На Кумаре, то есть точнее — в небольшой, узкой долине левого берега Амура, против устья Кумары, где строилась станица Кумарская, я нашел командовавшего 13-м батальоном капитана Дьяченко. Это был один из наиболее полезных деятелей по заселению Амура. Спокойный, ровный характер, распорядительность, умение обходиться с солдатами и казаками, с начальствами, доставили ему общее уважение амурцев. И у него в станице постройки шли живо, а число домов было значительнее, чем где- нибудь. Он показал мне собственноручный приказ Н. Н. Муравьева о времени и порядке возвращения 13-го батальона в Шилкинский завод. Приказ этот был написан на полулисте бумаги, и на нем сверх месяца и числа стояло: «Пароход «Лена» на мели» — вместо Иркутска или такой-то станицы, то есть вообще взамен обозначения местности, где состоялся приказ.

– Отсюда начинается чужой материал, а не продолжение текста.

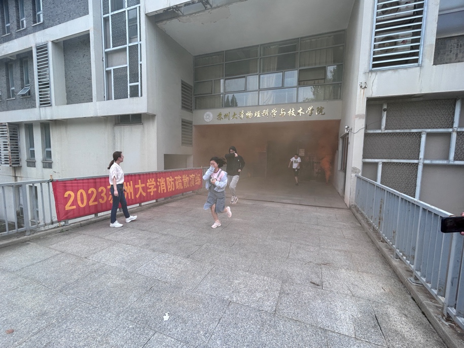 下午3点,物理科技楼模拟突发火情,中控室值班人员启动紧急疏散预案。随着科技楼消防报警声的响起,消防应急疏散演习正式开始。各楼层师生在紧急疏散警报提示后,按照事先设定疏散路线,在应急指挥人员和疏散引导组的组织下,用湿毛巾或衣物捂住口鼻,放低身体,以手扶墙分楼道快速、有序地撤离物科楼。到达东广场安全区域后,各实验室安全员立刻清点人数并及时上报。

— Видите, как у генерал-губернатора накипело сердце против моряков: он не утерпел, чтобы не прибавить слов «на мели», — заметил, улыбаясь, Дьяченко. — И я думаю, — продолжал он, — что если бы это не была официальная бумага, то Николай Николаевич написал бы: «разумеется, на мели».
Я готов был разделить это мнение, и вот почему. Приказ был отдан как раз на том месте, где генерал-губернатору пришлось променять пароход на лодку с лубочным навесом, о которой я уже упомянул выше. Кроме того, у него были в свежей памяти: первое плавание той же «Лены», под командой Сухомлина, и полученная на Усть-Зее статья моряка Римского-Корсакова, в которой упоминалось о «счастье вырваться из амурской грязи». Быть может, припоминал он и Невельского, добивавшегося для флота первенствующего значения в Амурском крае, и адмирала Путятина, пустившего на Сахалин японцев и дискредитировавшего Амур в Петербурге, и капитана Бурачека, затруднившего сплав 1857 года неудачной постройкой барок. Причин сердиться на моряков было, следовательно, немало; а затем прибавка к приказу слов «на мели» и даже с «разумеется» очень естественна, хотя и забавна слегка.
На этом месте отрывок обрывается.